Greening the Grid: An Ontario Success Story

Over the last two decades, Ontario has taken great strides in eliminating carbon emissions from its electricity grid by removing the primary source of carbon emissions: coal-fired generation. In 2005, Ontario’s coal plants alone were responsible for 17% of the province’s emissions. Today, those coal plants are completely shut down and the only source of emissions left on Ontario’s electricity grid is the 6% of power generated by natural gas.

​​Ontario was able to end its dependence on coal by relying heavily on nuclear power. Immediately after the final coal plant closed, nuclear power provided 60% of Ontario’s electricity and electricity sector emissions reached an all-time low. That’s because nuclear power, over its entire lifecycle, generates just 1.6% of the emissions that coal does and 2.7% of natural gas’s emissions.
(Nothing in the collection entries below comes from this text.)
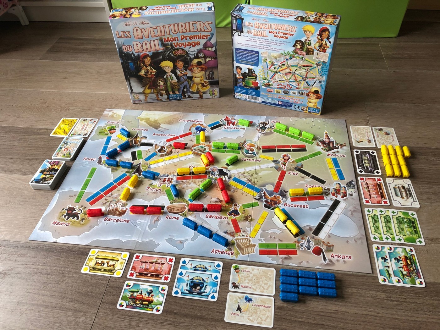 Et pour ne rien gâcher, le jeu est magnifique ! Les cartes sont belles et colorées, à la fois les wagons et les cartes destinations, le grand plateau est superbe et très bien pensé, de taille agréable et bien lisible, les pièces de wagons sont également faciles à manipuler, le tout respire la qualité et on apprécie bien là le travail d’Asmodée. Une très belle mouture pour un jeu de société devenu incontournable dans toute ludothèque junior digne de ce nom !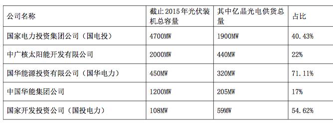 根據(jù)億晶的一份宣傳材料,億晶在央企采購(gòu)的光伏組件占有率較高。截止2015年,億晶在幾家央企的市場(chǎng)份額數(shù)據(jù)如下表。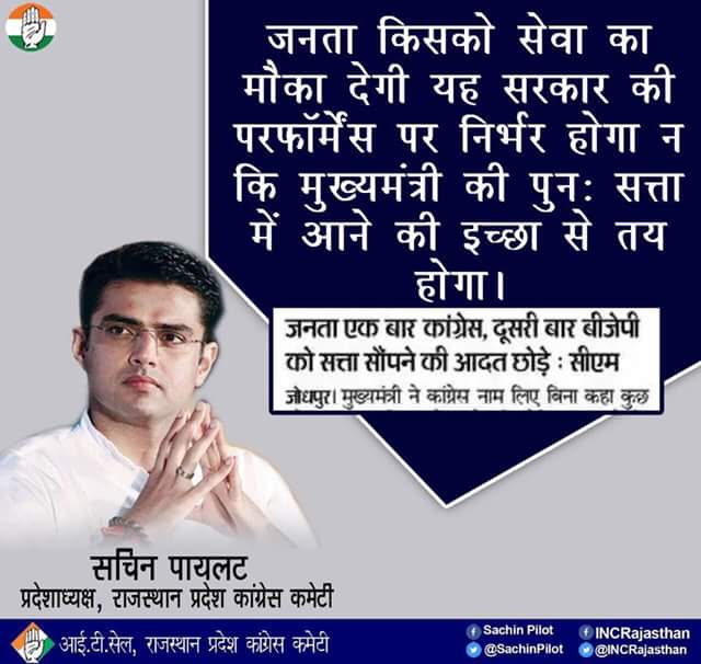 @VasundharaBJP को सत्ता हाथ से जाती दिख रही है तो जनता पर ही नाराजगी जाहिर करने लगी हैं - जनता आपके 5 साल के कामकाज से निराश होकर मन बना चुकी है लोकतंत्र का सम्मान कीजिए और जनताके फैसले का इंतजार कीजिए@INCIndia@INCRajasthan@kumari_selja@avinashpandeinc@dgurjarofficialpic.twitter.com/xccwy72akR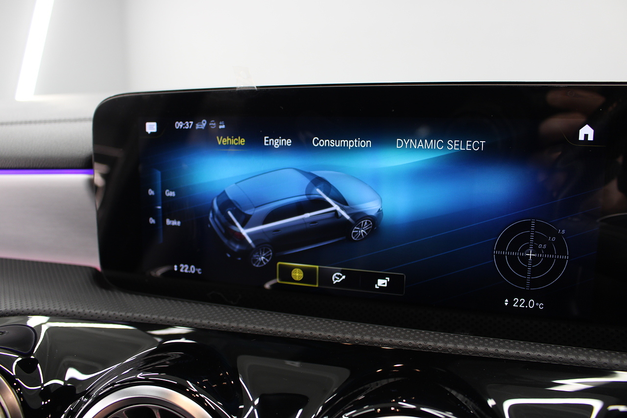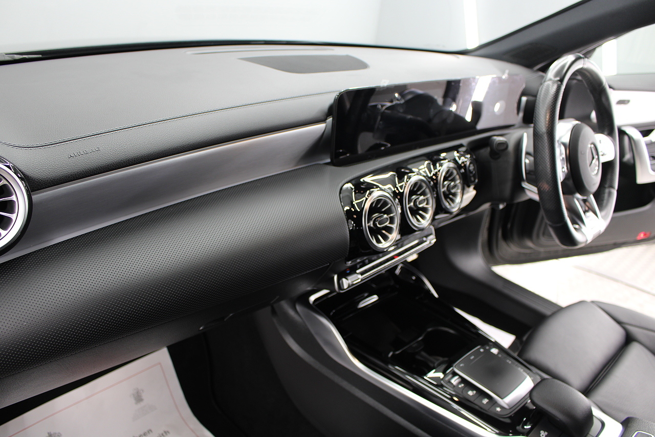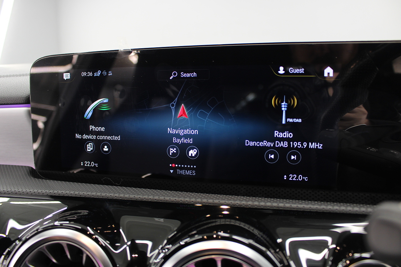 The interior comes trimmed with the beautiful heated AMG sport seats trimmed in black leather with brushed aluminium dash trims, and plenty of tech with a large double display screen with satellite navigation, DAB radio, bluetooth telephone and media, cruise control, rear parking camera and virtual cockpit display.

In recent years, nuclear power has provided closer to 50% of Ontario’s electricity. This reduction was necessary so that the reactors at Bruce and Darlington Nuclear Generating Stations (NGS) could be refurbished one by one as part of extending their operations beyond 2050. The Pickering NGS is slated to be decommissioned in 2025-26 but now Ontario Power Generation is considering whether to refurbish four of Pickering’s six reactors. If Pickering is not refurbished, nuclear power’s share of the electricity supply mix will fall to just 35%.

The issue with a reduction in nuclear power is that Ontario still needs all of the power nuclear provides. If nuclear power is not available, Ontario has no choice but to burn carbon-intensive natural gas. Consequently, Ontario’s carbon emissions have already begun to increase and they are slated to increase much further over the next 20 years.